-- Available records follows --

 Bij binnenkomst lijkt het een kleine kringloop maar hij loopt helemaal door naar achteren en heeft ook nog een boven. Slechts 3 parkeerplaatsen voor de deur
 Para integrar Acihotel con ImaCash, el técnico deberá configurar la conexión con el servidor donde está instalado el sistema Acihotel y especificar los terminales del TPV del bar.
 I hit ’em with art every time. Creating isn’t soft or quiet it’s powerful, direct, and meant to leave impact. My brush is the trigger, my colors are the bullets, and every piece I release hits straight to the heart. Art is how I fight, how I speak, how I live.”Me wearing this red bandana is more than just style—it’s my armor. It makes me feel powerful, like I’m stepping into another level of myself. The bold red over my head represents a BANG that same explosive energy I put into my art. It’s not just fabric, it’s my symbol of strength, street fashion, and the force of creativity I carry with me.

-- Available records concluded --
-- Available records follows --

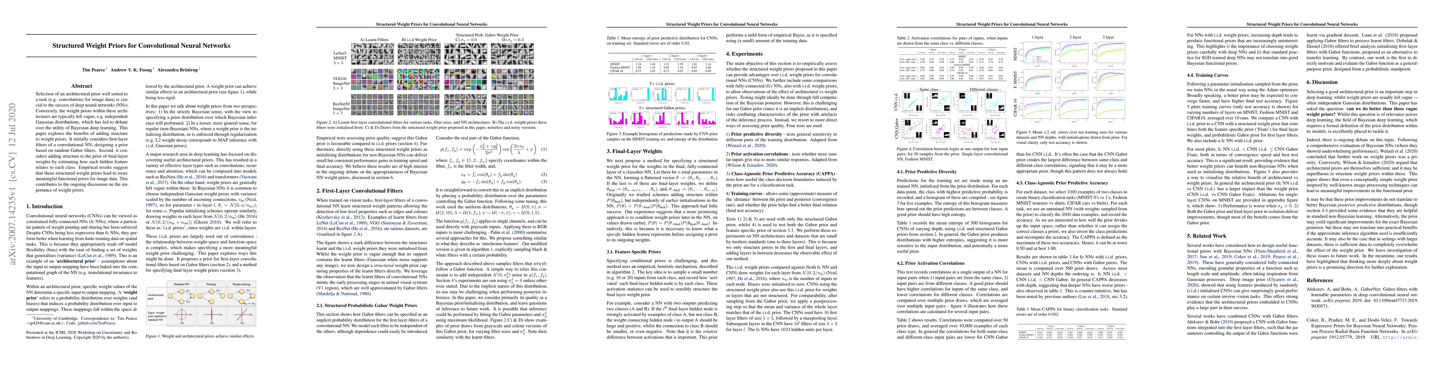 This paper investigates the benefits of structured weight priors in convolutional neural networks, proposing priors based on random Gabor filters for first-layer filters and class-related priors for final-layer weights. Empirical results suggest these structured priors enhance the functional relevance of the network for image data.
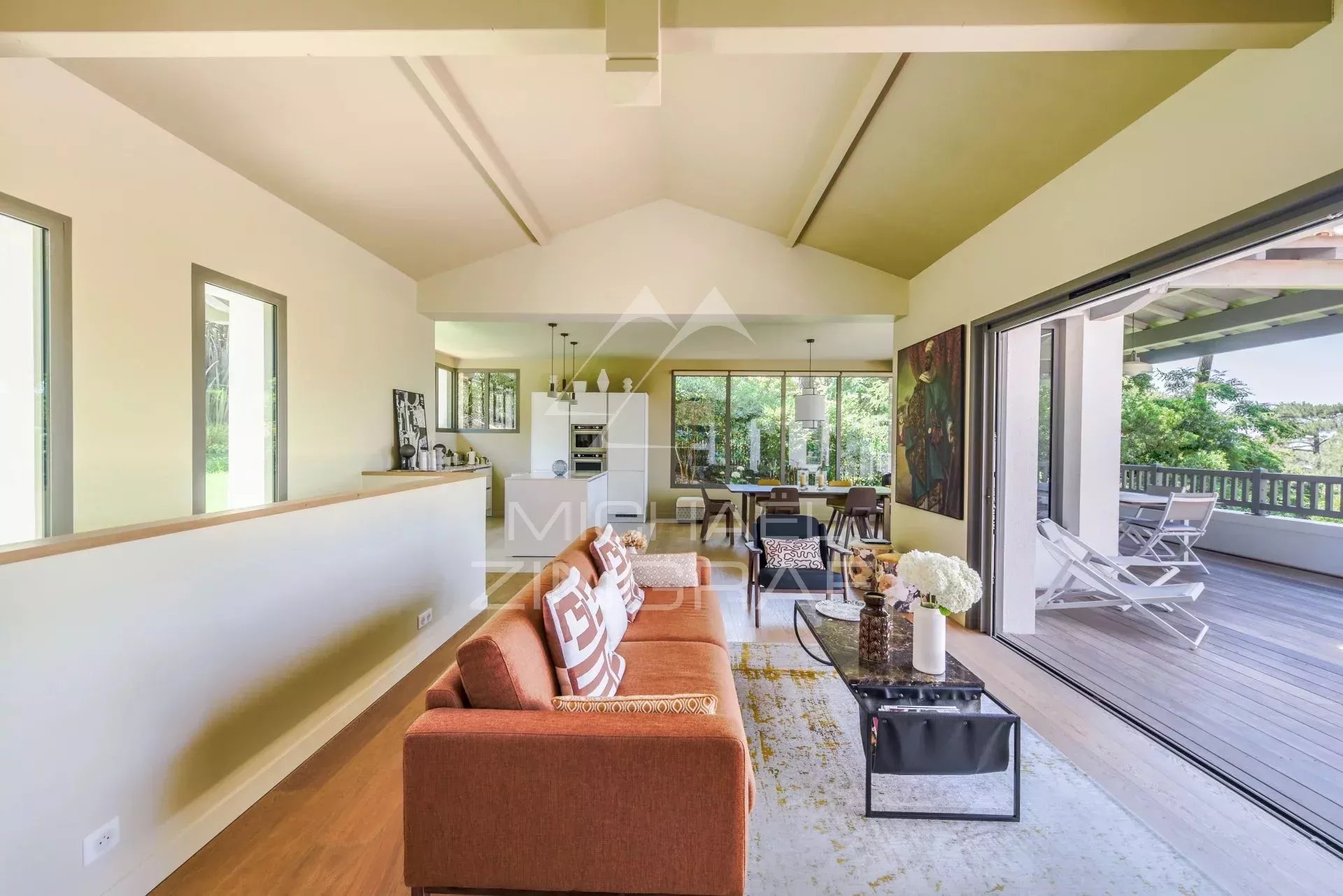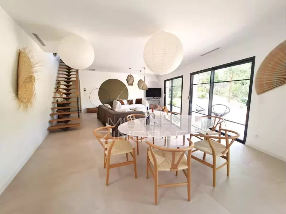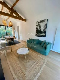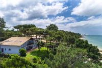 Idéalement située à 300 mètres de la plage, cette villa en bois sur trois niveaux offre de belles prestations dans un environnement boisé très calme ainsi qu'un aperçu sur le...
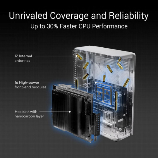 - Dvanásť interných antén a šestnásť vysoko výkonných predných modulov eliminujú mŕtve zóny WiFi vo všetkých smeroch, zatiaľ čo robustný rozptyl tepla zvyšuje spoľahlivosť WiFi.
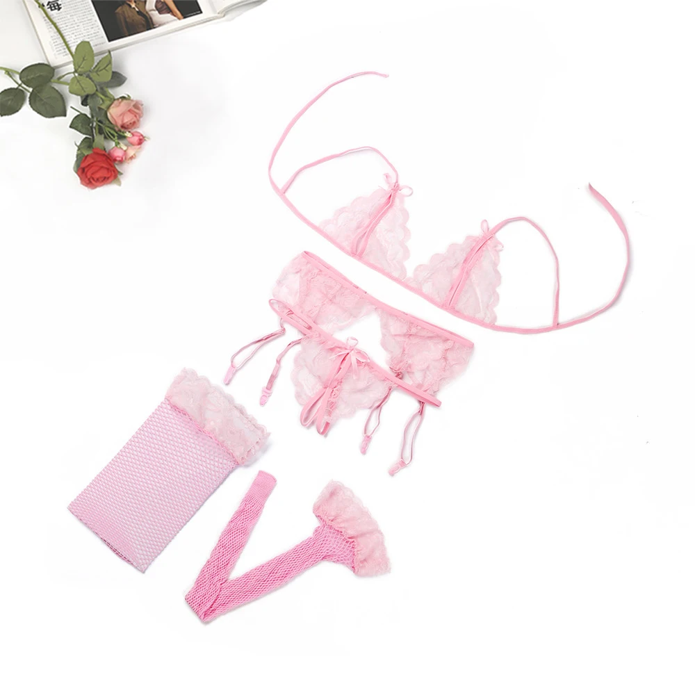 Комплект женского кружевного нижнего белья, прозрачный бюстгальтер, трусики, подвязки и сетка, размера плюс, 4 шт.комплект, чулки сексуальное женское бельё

-- Available records concluded --
-- Available records follows --

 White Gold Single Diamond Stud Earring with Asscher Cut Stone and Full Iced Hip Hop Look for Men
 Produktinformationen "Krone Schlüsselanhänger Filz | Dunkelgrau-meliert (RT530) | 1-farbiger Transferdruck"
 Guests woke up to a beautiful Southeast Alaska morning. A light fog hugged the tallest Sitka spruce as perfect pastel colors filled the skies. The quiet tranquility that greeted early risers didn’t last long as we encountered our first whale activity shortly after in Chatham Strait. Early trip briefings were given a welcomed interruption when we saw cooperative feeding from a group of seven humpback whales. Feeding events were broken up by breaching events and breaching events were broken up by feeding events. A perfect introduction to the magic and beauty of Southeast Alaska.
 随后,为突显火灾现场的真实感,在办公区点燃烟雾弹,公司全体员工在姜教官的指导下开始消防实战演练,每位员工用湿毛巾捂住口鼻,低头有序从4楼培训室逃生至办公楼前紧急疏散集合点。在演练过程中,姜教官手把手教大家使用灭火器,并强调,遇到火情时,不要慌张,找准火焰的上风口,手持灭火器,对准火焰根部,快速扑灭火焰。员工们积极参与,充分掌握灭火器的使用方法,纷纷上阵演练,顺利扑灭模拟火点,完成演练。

-- Available records concluded --

When you reach the line in the material above that holds "White Gold Single", begin reproducing lines exactly, and stop after the line that holds "随后,为突显火灾现场的真实感".

 White Gold Single Diamond Stud Earring with Asscher Cut Stone and Full Iced Hip Hop Look for Men
 Produktinformationen "Krone Schlüsselanhänger Filz | Dunkelgrau-meliert (RT530) | 1-farbiger Transferdruck"
 Guests woke up to a beautiful Southeast Alaska morning. A light fog hugged the tallest Sitka spruce as perfect pastel colors filled the skies. The quiet tranquility that greeted early risers didn’t last long as we encountered our first whale activity shortly after in Chatham Strait. Early trip briefings were given a welcomed interruption when we saw cooperative feeding from a group of seven humpback whales. Feeding events were broken up by breaching events and breaching events were broken up by feeding events. A perfect introduction to the magic and beauty of Southeast Alaska.
 随后,为突显火灾现场的真实感,在办公区点燃烟雾弹,公司全体员工在姜教官的指导下开始消防实战演练,每位员工用湿毛巾捂住口鼻,低头有序从4楼培训室逃生至办公楼前紧急疏散集合点。在演练过程中,姜教官手把手教大家使用灭火器,并强调,遇到火情时,不要慌张,找准火焰的上风口,手持灭火器,对准火焰根部,快速扑灭火焰。员工们积极参与,充分掌握灭火器的使用方法,纷纷上阵演练,顺利扑灭模拟火点,完成演练。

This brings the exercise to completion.